Differences between the Legacy Configurations and the kconfig-frontends Configurations

The legacy configurations consisted of three files:

  • A defconfig file that contained the configuration of NuttX. This file is a compressed configurations file. It was copied to the top-level NuttX directory as .config during the configuration process, then regenerated using the make olddefconfig command.
  • An appconfig file that contained the configuration of the NuttX applications (usually at ../apps). This file was copied into the top-level application directory as .config.
  • A Make.defs file that contained build instructions for the make system. This file was copied to the top-level NuttX directory, retaining its name Make.defs.

The new, kconfig-frontends configurations differ in the following ways:

  • There is no appconfig file. The configuration of the applications is now included in the defconfig file. This difference is necessary to support a seamless configuration of NuttX and the associated applications.
  • In the automated configuration, there are many new configuration settings that are required but that do nothing in NuttX. These new configuration settings only enable additional menus and are only necessary to provide a good user experience when running the configuration tool. However, these do-nothing settings will not be set in the legacy configuration and that is why the legacy configurations will be corrupted if make menuconfig is used without first converting the legacy configuration to use the kconfig-frontends tools.

Converting Legacy Configurations to Use kconfig-mconf

Here are the steps I use to convert a legacy configuration to use the kconfig-frontends tools. The whole process requires around 20 minutes (but could take longer if you unfamiliar with NuttX).

  • First, I build the tools/cmpconfig utility. This is a small program that can be used to compare two configurations. This is done by simply executing:
   cd  nuttx/tools
   make -f cmpconfig

I use this cmpconfig tool to perform repetitive comparisons between the new candidate configuration and existing configuration. Since I will do this multiple times, I usually create two tiny scripts to make life easier: will copy the defconfig file and then do make menuconfig. This little script might look like the following (where xxx and yyy are the board and the configuration that you are converting, aaa is the architecture of the chip, and ccc is the chip name):

  cp boards/aaa/ccc/xxx/configs/yyy/defconfig .config
  make menuconfig

And which will compare the new, candidate configuration with old, legacy configuration. NOTE that the NuttX defconfig files are in a compressed format but the .config file is in an uncompressed format. In this case, we are assuming that your old defconfig file is a manually created file in the uncompressed .config format and so can be compared with tools/cmpconfig:

  tools/cmpconfig boards/aaa/ccc/xxx/configs/yyy/defconfig defconfig

Back to the conversion:

  • Then I look at the old boards/aaa/ccc/xxx/configs/yyy/appconfig file. The format of the old appconfig file was a series of lines like CONFIGURED_APPS += examples/hello. Each of these must be replaced with the corresponding configuration setting in the defconfig file. For the case of CONFIGURED_APPS += examples/hello, the correct setting is CONFIG_EXAMPLES_HELLO=y. Edit the old boards/aaa/ccc/xxx/configs/yyy/defconfig and add this setting manually.

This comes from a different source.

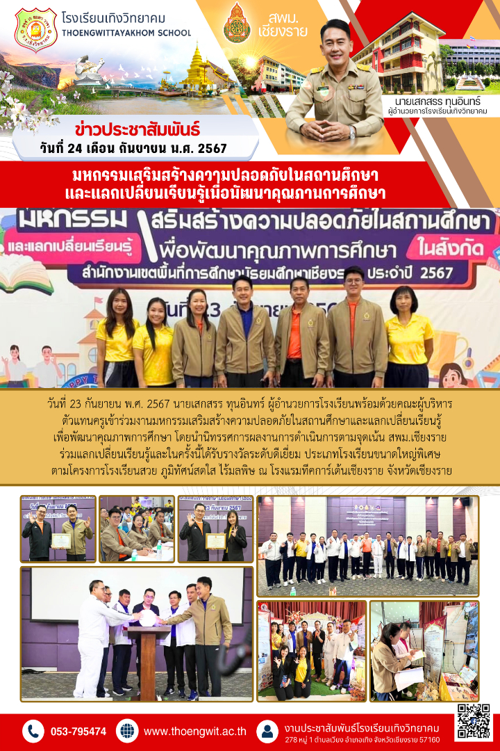 มหกรรมเสริมสร้างความปลอดภัยในสถานศึกษาและแลกเปลี่ยนเรียนรู้เพื่อพัฒนาคุณภาพการศึกษา นางสาวจิราวรรณ เรือนสิทธิ์ 24 กันยายน 2567 กลุ่มบริหารงานวิชาการ เข้าชม : 486

Most of the conversions between CONFIGURED_APPS paths and configuration settings are pretty obvious. The general name rule is: CONFIGURED_APPS += aaa/bbb will become CONFIG_AAA_BBB=y. One exception to this rule is CONFIGURED_APPS += nshlib which needs to become CONFIG_NSH_LIBRARY=y.

Then begins the iterative steps:

  • Run When the configuration menus come up, do nothing except exit and save the new configuration.
  • Run | grep file1. This will show you all of the definitions in the original, legacy configuration that do not appear in the new, candidate configuration. Each of these is a mini-research project! Most legacy configurations contain many definitions that do nothing. As examples, networking may be disabled but all of the network settings may still be present in the old defconfig. USB may be disabled, but all of the USB settings may still be present. Priority inheritance will be disabled by settings related to priority inheritance may still be defined. etc.
  • Edit boards/aaa/ccc/xxx/configs/yyy/defconfig to eliminate the difference and run again. Usually this consists of just removing all of the unnecessary settings in the old defconfig file.

Iterate the above until | grep file1 indicates there are no definitions in the original defconfig that do not also appear in the new .config file. Then perform one final check:

  • Run | grep file2. This will show you all of the new definitions that will be added to the configuration file. There will be quite a few. Just review them and make sure that nothing really crazy got added.
  • Then create the new defconfig file. To do this, you must use this special makefile target. This will generate a new file called defconfig in your top level directory in the compressed defconfig format:
  make savdefconfig
  • Then replace the boards/aaa/ccc/xxx/configs/yyy/defconfig with the newly created defconfig file.
  • Remove the old, now unused boards/aaa/ccc/xxx/configs/yyy/appconfig file.

Then you need to test the new configuration. Build it like this (on Linux, Cygwin or MSYS. The configure and build steps differ slightly for the native Windows build):

  tools/ xxx:yyy

Before entering the make command, make sure that your PATH environment variable includes the full path to the directory containing the toolchain binaries. Otherwise, the make will be unable to find the compiler and related tools.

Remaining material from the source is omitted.